— WORK TO BE COMPLETED —
Repeat the records in full. No pictures belong in the copy.

— INPUT FOR THIS TASK —
________________________________________
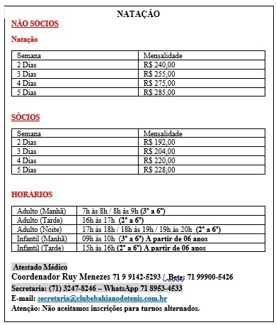 Matrícula na secretaria do clube. Horários: 8h às 12h/ 14h às 18h.
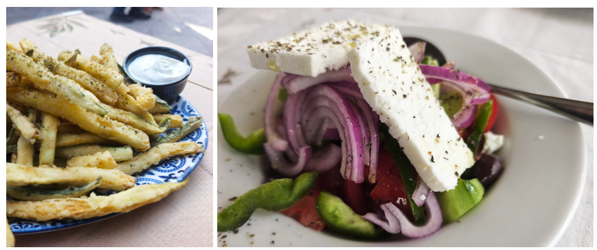 Noteikti ar maltīti jābauda grieķu jeb zemnieku salāti chloriatiki kā tos sauc grieķi paši. Vēl noteikti pasūtat tdzadziki– jogurta, gurķu un ķiploku mērcīti. Tā lieliski garšo arī ar panētām, fritētām cukini šķēlītēm!
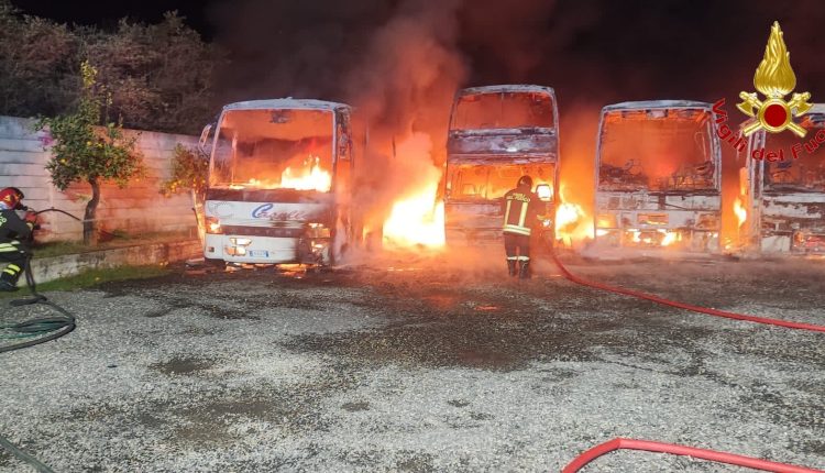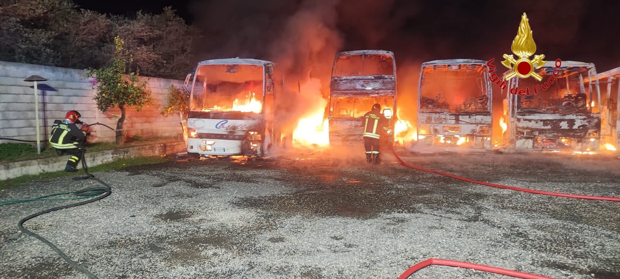 Questa notte, verso le ore 02:00, una squadra dei Vigili del Fuoco del comando provinciale di Caserta, proveniente dalla sede centrale del Comando, è intervenuta in via Latina nel comune di Pastorano all’ertati dai residenti nella zona che vedevano del fumo alzarsi da un’area parcheggio per autobus. Immediatamente Giunti sul posto i Vigili del Fuoco hanno dovuto spegnere un incendio che aveva interessato vari autobus fermi in un deposito di circa 1.800 mq. Per spegnere il vasto incendio, caratterizzato da otto autobus completamente in fiamme, sul posto è stato necessario fare intervenire anche la squadra dal distaccamento dei vigili del fuoco di Teano e due autobotti, una proveniente dal distaccamento di Aversa e una proveniente dalla sede centrale del Comando. Le operazioni di spegnimento sono durate circa cinque ore.La
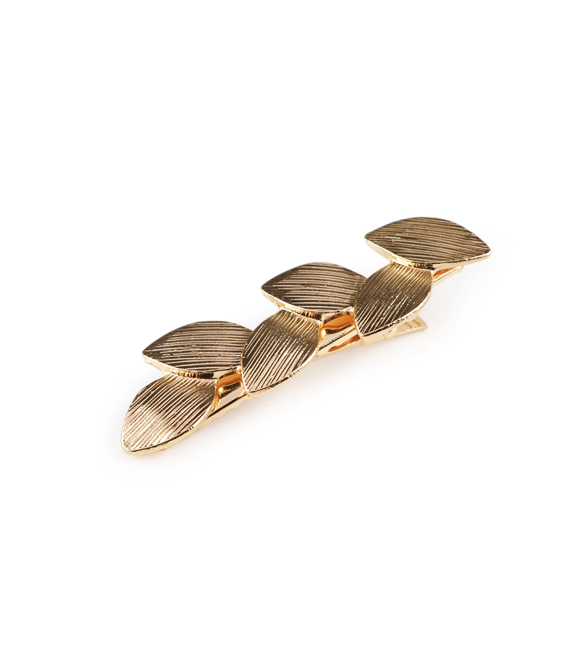 Dieser blattförmige Haarclip ist ein elegantes Accessoire, das Ihrer Frisur Stil und Charme verleiht. Er besteht aus hochwertigem Metall mit feiner gerillter Struktur und hält dank seiner Zähne sicher im Haar.
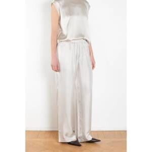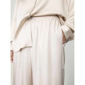 - Description: The Lisa Yang Wide Leg Trousers in a sophisticated champagne hue are crafted from 100% silk, offering a luxurious feel and polished look. Designed with a comfortable elastic waist and a flattering mid-rise, these trousers feature a pull-on closure and practical pockets. With a true-to-size fit, they offer elegance for any occasion. Elevate your style with these solid-pattern trousers, ideal for refined, everyday wear.
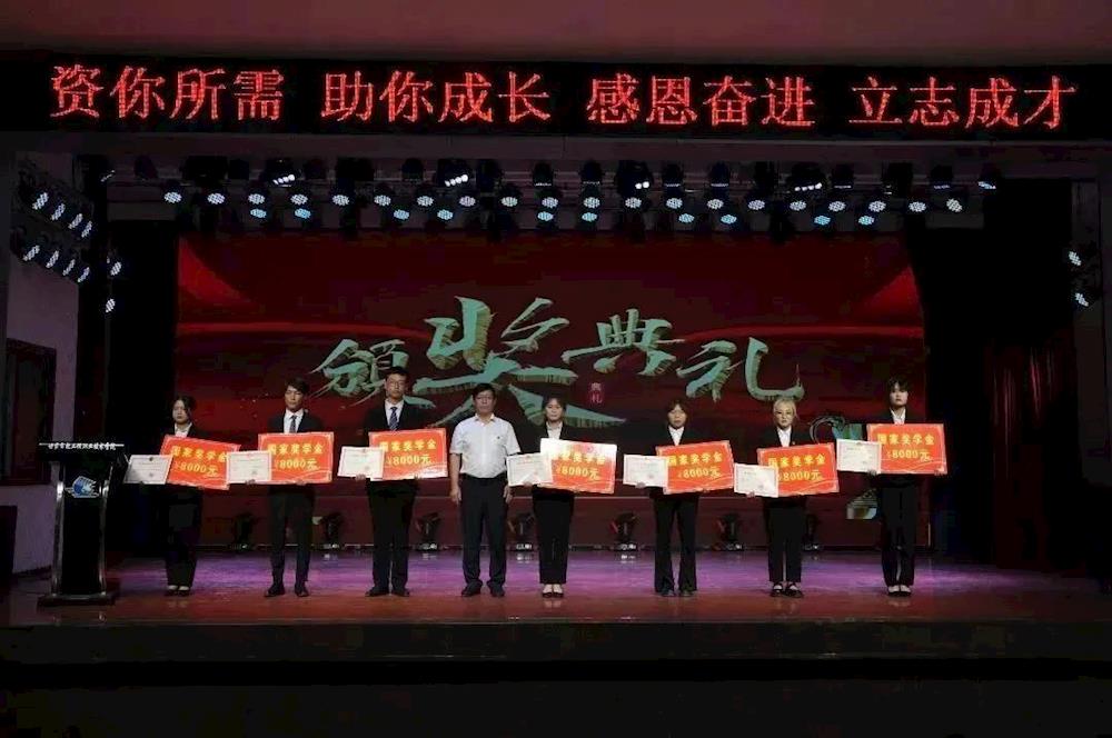 参会领导为获得国家奖学金、国家励志奖学金、国家助学金、何康奖学金的学生颁发证书。
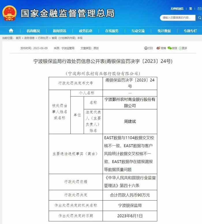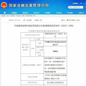 行政处罚决定书文号:甬银保监罚决字〔2023〕24号,案由:宁波鄞州农村商业银行因存在“EAST数据与1104数据交叉校核不一致、EAST数据与客户风险统计数据交叉校核不一致、EAST数据存在错报漏报等数据质量问题”等违法违规事实,依据《中华人民共和国银行业监督管理法》第四十六条,被宁波银保监局处罚90万元。
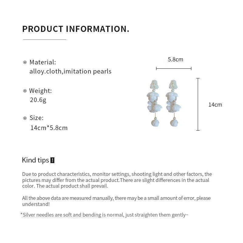 White Flower Long Fringe Earrings Imitation Pearl Crystal Dangle Earrings For Women Girls Fashion Delicate Party Wedding Jewelry
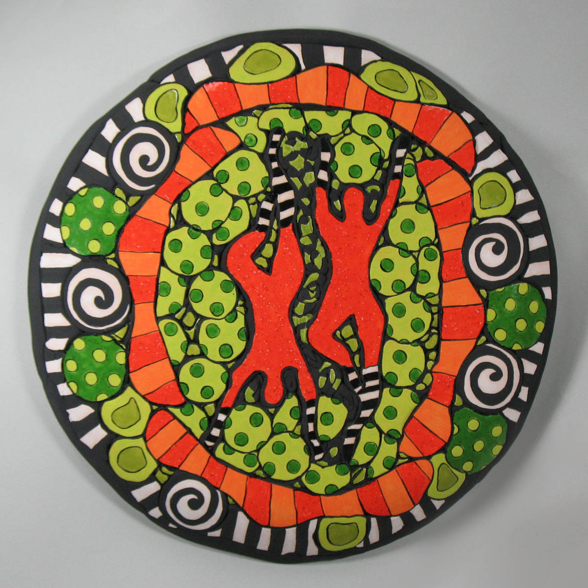 Previous Image Next Image Stand By Me “Stand By Me” Medium: Low fire ceramic. Length: 15.25″; Width 15.25″. Glaze and underglaze. Artist: Beth Hardesty. NFS
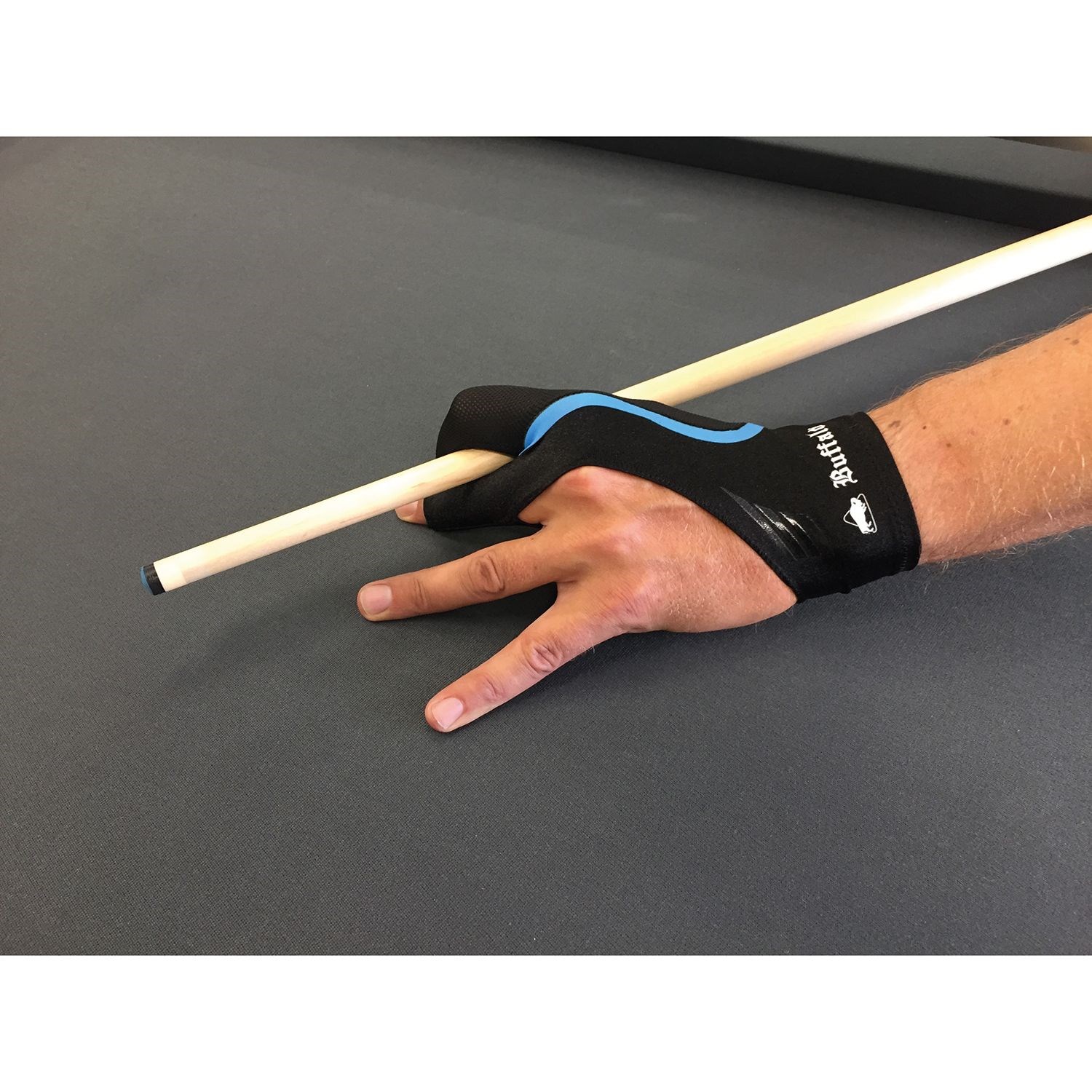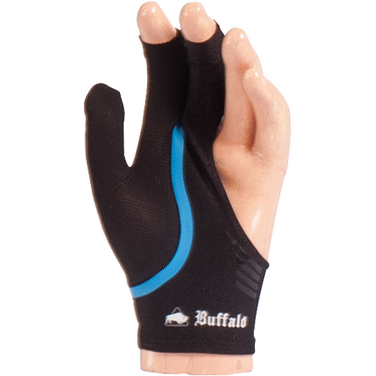 Buffalo Reversible handske i sort og blå farve er én af de eneste billardhandsker på markedet, som kan bruges på både højre og venstre hånd.
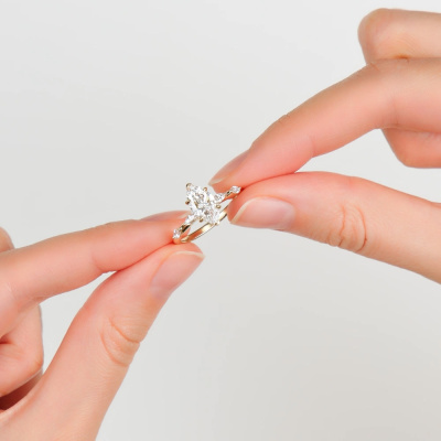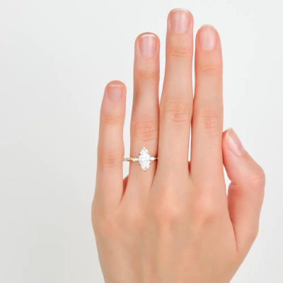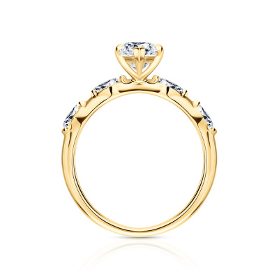 Кольцо с 1 бриллиантом выращенным, 1.52 карат, огранка маркиз 55 граней, цвет 4, чистота 5, тип огранки А; 4 бриллиантами выращенными, 0.25 карат, огранка маркиз 55 граней, цвет 3, чистота 5, тип огранки А; Желтое золото 585 пробы.
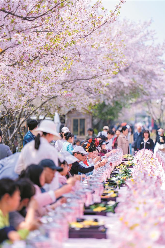 “距离三公里就启动堵了,不外好在技术不长。现象额外好意思,好意思景值得恭候。”上海旅客黄先生带着家东谈主驱车来鼋头渚赏樱,一家东谈主从日间待到晚上。景区冲破传统赏樱模式,将樱海景致与吴地文化会通,搭配古风演艺、樱花市集、露营打卡,日均理财旅客超7万东谈主次。
________________________________________
— TASK ANSWER —
 Matrícula na secretaria do clube. Horários: 8h às 12h/ 14h às 18h.
 Noteikti ar maltīti jābauda grieķu jeb zemnieku salāti chloriatiki kā tos sauc grieķi paši. Vēl noteikti pasūtat tdzadziki– jogurta, gurķu un ķiploku mērcīti. Tā lieliski garšo arī ar panētām, fritētām cukini šķēlītēm!
 Questa notte, verso le ore 02:00, una squadra dei Vigili del Fuoco del comando provinciale di Caserta, proveniente dalla sede centrale del Comando, è intervenuta in via Latina nel comune di Pastorano all’ertati dai residenti nella zona che vedevano del fumo alzarsi da un’area parcheggio per autobus. Immediatamente Giunti sul posto i Vigili del Fuoco hanno dovuto spegnere un incendio che aveva interessato vari autobus fermi in un deposito di circa 1.800 mq. Per spegnere il vasto incendio, caratterizzato da otto autobus completamente in fiamme, sul posto è stato necessario fare intervenire anche la squadra dal distaccamento dei vigili del fuoco di Teano e due autobotti, una proveniente dal distaccamento di Aversa e una proveniente dalla sede centrale del Comando. Le operazioni di spegnimento sono durate circa cinque ore.La
 Dieser blattförmige Haarclip ist ein elegantes Accessoire, das Ihrer Frisur Stil und Charme verleiht. Er besteht aus hochwertigem Metall mit feiner gerillter Struktur und hält dank seiner Zähne sicher im Haar.
 - Description: The Lisa Yang Wide Leg Trousers in a sophisticated champagne hue are crafted from 100% silk, offering a luxurious feel and polished look. Designed with a comfortable elastic waist and a flattering mid-rise, these trousers feature a pull-on closure and practical pockets. With a true-to-size fit, they offer elegance for any occasion. Elevate your style with these solid-pattern trousers, ideal for refined, everyday wear.
 参会领导为获得国家奖学金、国家励志奖学金、国家助学金、何康奖学金的学生颁发证书。
 行政处罚决定书文号:甬银保监罚决字〔2023〕24号,案由:宁波鄞州农村商业银行因存在“EAST数据与1104数据交叉校核不一致、EAST数据与客户风险统计数据交叉校核不一致、EAST数据存在错报漏报等数据质量问题”等违法违规事实,依据《中华人民共和国银行业监督管理法》第四十六条,被宁波银保监局处罚90万元。
 White Flower Long Fringe Earrings Imitation Pearl Crystal Dangle Earrings For Women Girls Fashion Delicate Party Wedding Jewelry
 Previous Image Next Image Stand By Me “Stand By Me” Medium: Low fire ceramic. Length: 15.25″; Width 15.25″. Glaze and underglaze. Artist: Beth Hardesty. NFS
 Buffalo Reversible handske i sort og blå farve er én af de eneste billardhandsker på markedet, som kan bruges på både højre og venstre hånd.
 Кольцо с 1 бриллиантом выращенным, 1.52 карат, огранка маркиз 55 граней, цвет 4, чистота 5, тип огранки А; 4 бриллиантами выращенными, 0.25 карат, огранка маркиз 55 граней, цвет 3, чистота 5, тип огранки А; Желтое золото 585 пробы.
 “距离三公里就启动堵了,不外好在技术不长。现象额外好意思,好意思景值得恭候。”上海旅客黄先生带着家东谈主驱车来鼋头渚赏樱,一家东谈主从日间待到晚上。景区冲破传统赏樱模式,将樱海景致与吴地文化会通,搭配古风演艺、樱花市集、露营打卡,日均理财旅客超7万东谈主次。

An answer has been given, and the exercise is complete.